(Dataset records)
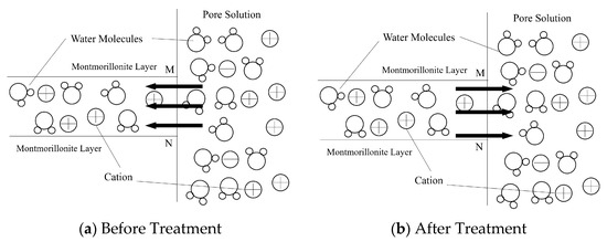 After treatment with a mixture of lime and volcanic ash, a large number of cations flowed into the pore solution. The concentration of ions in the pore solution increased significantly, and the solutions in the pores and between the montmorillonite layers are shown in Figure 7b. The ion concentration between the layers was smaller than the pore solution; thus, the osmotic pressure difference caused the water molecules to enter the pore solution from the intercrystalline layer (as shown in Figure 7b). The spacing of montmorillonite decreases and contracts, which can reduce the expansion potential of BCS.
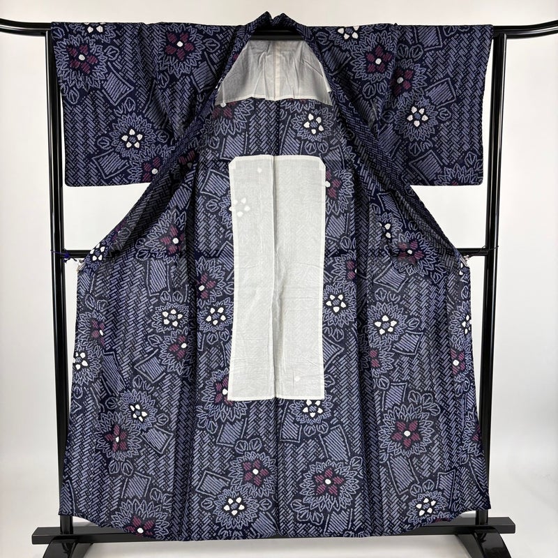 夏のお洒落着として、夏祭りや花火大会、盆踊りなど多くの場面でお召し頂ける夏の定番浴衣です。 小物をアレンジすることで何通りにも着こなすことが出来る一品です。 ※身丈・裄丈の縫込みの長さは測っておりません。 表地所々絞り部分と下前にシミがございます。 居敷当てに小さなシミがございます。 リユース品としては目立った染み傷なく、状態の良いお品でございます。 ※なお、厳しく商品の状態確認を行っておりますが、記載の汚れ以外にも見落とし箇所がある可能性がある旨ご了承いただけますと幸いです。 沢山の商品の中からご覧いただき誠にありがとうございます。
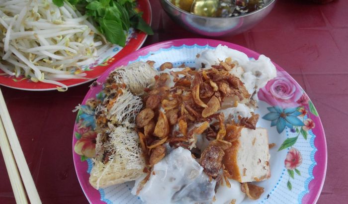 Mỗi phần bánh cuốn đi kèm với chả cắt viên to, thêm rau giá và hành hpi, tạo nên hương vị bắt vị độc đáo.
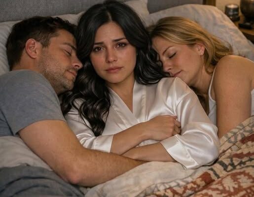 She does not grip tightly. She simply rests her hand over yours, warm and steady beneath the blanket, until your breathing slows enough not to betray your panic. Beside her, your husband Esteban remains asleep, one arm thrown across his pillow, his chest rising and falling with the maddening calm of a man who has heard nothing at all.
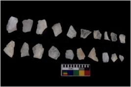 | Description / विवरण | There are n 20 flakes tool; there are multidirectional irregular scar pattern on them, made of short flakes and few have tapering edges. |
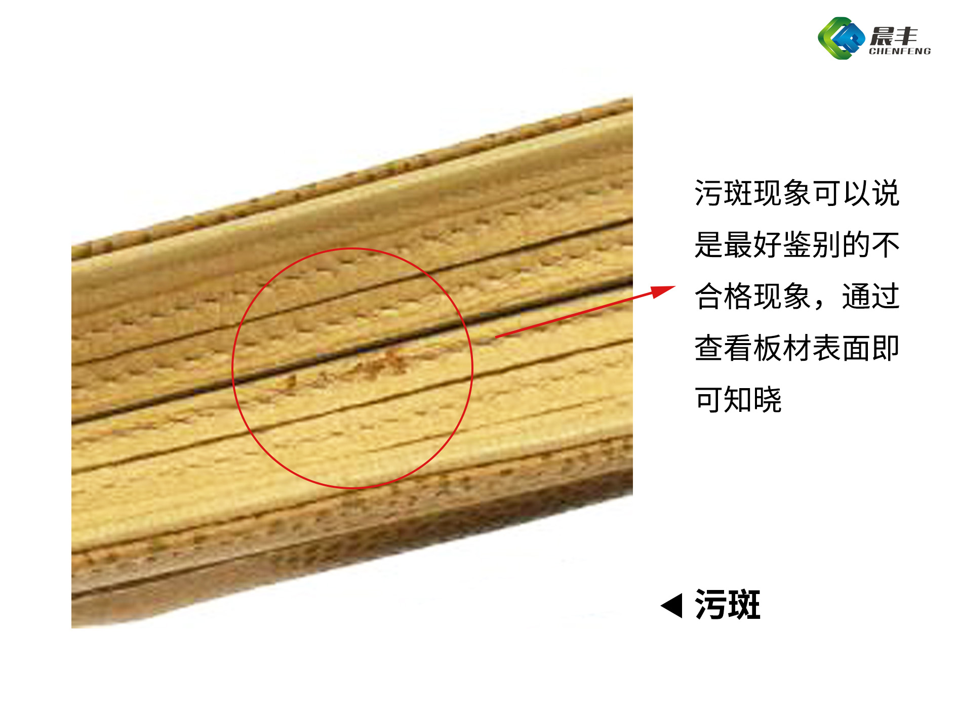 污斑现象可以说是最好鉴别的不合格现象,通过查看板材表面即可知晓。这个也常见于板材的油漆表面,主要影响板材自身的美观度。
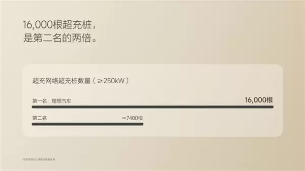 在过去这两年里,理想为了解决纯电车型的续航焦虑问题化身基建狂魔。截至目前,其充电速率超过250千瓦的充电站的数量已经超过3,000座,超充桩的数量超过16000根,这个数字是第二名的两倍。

> _PROBLEM DETAILS_:
Verbatim copy without images: write the records above out in full.

> _ANSWER FOR THE TASK_:
 After treatment with a mixture of lime and volcanic ash, a large number of cations flowed into the pore solution. The concentration of ions in the pore solution increased significantly, and the solutions in the pores and between the montmorillonite layers are shown in Figure 7b. The ion concentration between the layers was smaller than the pore solution; thus, the osmotic pressure difference caused the water molecules to enter the pore solution from the intercrystalline layer (as shown in Figure 7b). The spacing of montmorillonite decreases and contracts, which can reduce the expansion potential of BCS.
 夏のお洒落着として、夏祭りや花火大会、盆踊りなど多くの場面でお召し頂ける夏の定番浴衣です。 小物をアレンジすることで何通りにも着こなすことが出来る一品です。 ※身丈・裄丈の縫込みの長さは測っておりません。 表地所々絞り部分と下前にシミがございます。 居敷当てに小さなシミがございます。 リユース品としては目立った染み傷なく、状態の良いお品でございます。 ※なお、厳しく商品の状態確認を行っておりますが、記載の汚れ以外にも見落とし箇所がある可能性がある旨ご了承いただけますと幸いです。 沢山の商品の中からご覧いただき誠にありがとうございます。
 Mỗi phần bánh cuốn đi kèm với chả cắt viên to, thêm rau giá và hành hpi, tạo nên hương vị bắt vị độc đáo.
 She does not grip tightly. She simply rests her hand over yours, warm and steady beneath the blanket, until your breathing slows enough not to betray your panic. Beside her, your husband Esteban remains asleep, one arm thrown across his pillow, his chest rising and falling with the maddening calm of a man who has heard nothing at all.
 | Description / विवरण | There are n 20 flakes tool; there are multidirectional irregular scar pattern on them, made of short flakes and few have tapering edges. |
 污斑现象可以说是最好鉴别的不合格现象,通过查看板材表面即可知晓。这个也常见于板材的油漆表面,主要影响板材自身的美观度。
 在过去这两年里,理想为了解决纯电车型的续航焦虑问题化身基建狂魔。截至目前,其充电速率超过250千瓦的充电站的数量已经超过3,000座,超充桩的数量超过16000根,这个数字是第二名的两倍。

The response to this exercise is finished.